= Exercise aim =
Could you copy exactly the lines below from the one with "連續(xù)拉伸真空包裝機上" to the one with "Regular price £214.86", inclusive, leaving out any pictures?

= Given material =

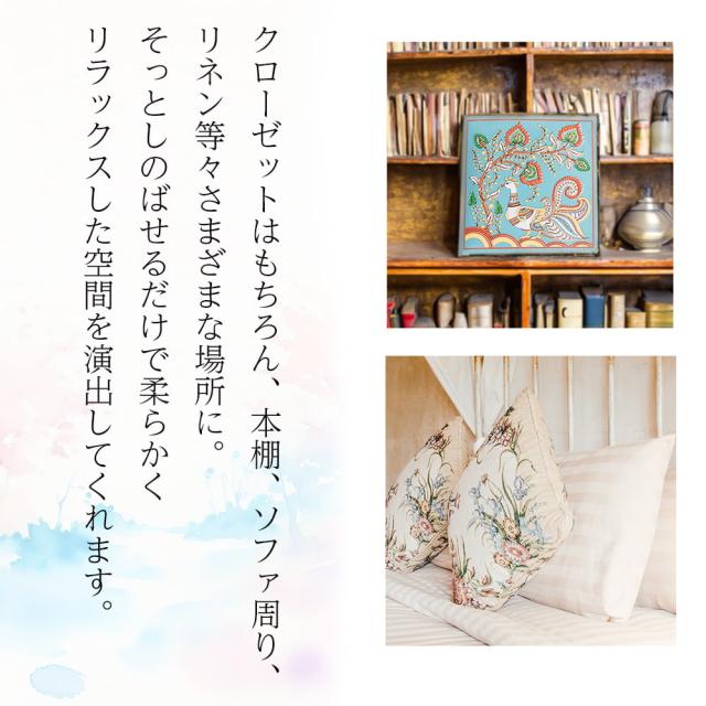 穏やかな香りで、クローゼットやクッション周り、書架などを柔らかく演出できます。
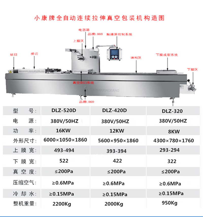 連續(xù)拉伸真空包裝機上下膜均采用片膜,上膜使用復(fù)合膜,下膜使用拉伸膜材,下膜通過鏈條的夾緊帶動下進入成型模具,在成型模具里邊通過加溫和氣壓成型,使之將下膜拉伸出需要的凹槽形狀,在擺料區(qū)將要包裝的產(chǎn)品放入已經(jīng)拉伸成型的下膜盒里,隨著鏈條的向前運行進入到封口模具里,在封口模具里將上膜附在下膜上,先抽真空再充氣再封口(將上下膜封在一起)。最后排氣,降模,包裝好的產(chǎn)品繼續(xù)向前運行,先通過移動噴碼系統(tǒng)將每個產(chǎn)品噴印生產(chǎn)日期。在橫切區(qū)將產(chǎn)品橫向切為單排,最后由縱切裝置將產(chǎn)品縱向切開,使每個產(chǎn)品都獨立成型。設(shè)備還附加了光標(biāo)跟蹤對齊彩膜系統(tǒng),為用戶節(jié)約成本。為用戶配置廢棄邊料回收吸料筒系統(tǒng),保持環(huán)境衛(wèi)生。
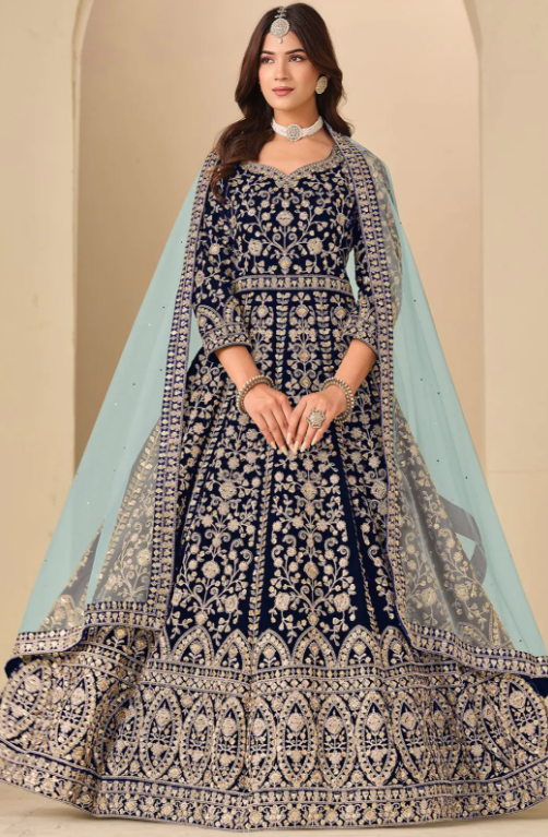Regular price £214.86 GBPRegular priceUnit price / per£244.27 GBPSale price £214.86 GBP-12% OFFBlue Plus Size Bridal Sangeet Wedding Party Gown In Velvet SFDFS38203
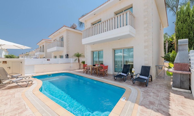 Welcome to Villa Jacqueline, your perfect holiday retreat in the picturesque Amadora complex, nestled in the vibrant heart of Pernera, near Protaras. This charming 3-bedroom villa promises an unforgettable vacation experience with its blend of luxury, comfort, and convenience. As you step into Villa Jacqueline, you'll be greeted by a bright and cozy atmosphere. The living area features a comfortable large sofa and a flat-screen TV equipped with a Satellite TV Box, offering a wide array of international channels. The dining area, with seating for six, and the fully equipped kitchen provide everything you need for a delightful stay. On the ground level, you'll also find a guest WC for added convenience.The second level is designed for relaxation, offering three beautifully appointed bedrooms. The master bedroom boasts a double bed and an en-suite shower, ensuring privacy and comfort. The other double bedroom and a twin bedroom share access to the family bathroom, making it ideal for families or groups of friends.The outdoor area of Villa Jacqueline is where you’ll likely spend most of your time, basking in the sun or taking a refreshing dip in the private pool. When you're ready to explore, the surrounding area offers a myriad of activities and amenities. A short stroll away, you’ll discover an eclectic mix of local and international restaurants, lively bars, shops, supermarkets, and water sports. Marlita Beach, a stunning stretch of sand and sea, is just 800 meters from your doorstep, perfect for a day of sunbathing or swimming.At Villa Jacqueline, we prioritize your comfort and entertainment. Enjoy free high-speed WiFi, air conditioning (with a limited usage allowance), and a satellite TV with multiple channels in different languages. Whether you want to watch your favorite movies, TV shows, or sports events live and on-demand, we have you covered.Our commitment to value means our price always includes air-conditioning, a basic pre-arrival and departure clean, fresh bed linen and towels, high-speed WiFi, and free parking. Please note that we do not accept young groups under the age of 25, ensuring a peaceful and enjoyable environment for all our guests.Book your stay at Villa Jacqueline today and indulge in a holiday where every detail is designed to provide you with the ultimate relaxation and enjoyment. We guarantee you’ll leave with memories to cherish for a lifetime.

= Exercise solution =
 連續(xù)拉伸真空包裝機上下膜均采用片膜,上膜使用復(fù)合膜,下膜使用拉伸膜材,下膜通過鏈條的夾緊帶動下進入成型模具,在成型模具里邊通過加溫和氣壓成型,使之將下膜拉伸出需要的凹槽形狀,在擺料區(qū)將要包裝的產(chǎn)品放入已經(jīng)拉伸成型的下膜盒里,隨著鏈條的向前運行進入到封口模具里,在封口模具里將上膜附在下膜上,先抽真空再充氣再封口(將上下膜封在一起)。最后排氣,降模,包裝好的產(chǎn)品繼續(xù)向前運行,先通過移動噴碼系統(tǒng)將每個產(chǎn)品噴印生產(chǎn)日期。在橫切區(qū)將產(chǎn)品橫向切為單排,最后由縱切裝置將產(chǎn)品縱向切開,使每個產(chǎn)品都獨立成型。設(shè)備還附加了光標(biāo)跟蹤對齊彩膜系統(tǒng),為用戶節(jié)約成本。為用戶配置廢棄邊料回收吸料筒系統(tǒng),保持環(huán)境衛(wèi)生。
Regular price £214.86 GBPRegular priceUnit price / per£244.27 GBPSale price £214.86 GBP-12% OFFBlue Plus Size Bridal Sangeet Wedding Party Gown In Velvet SFDFS38203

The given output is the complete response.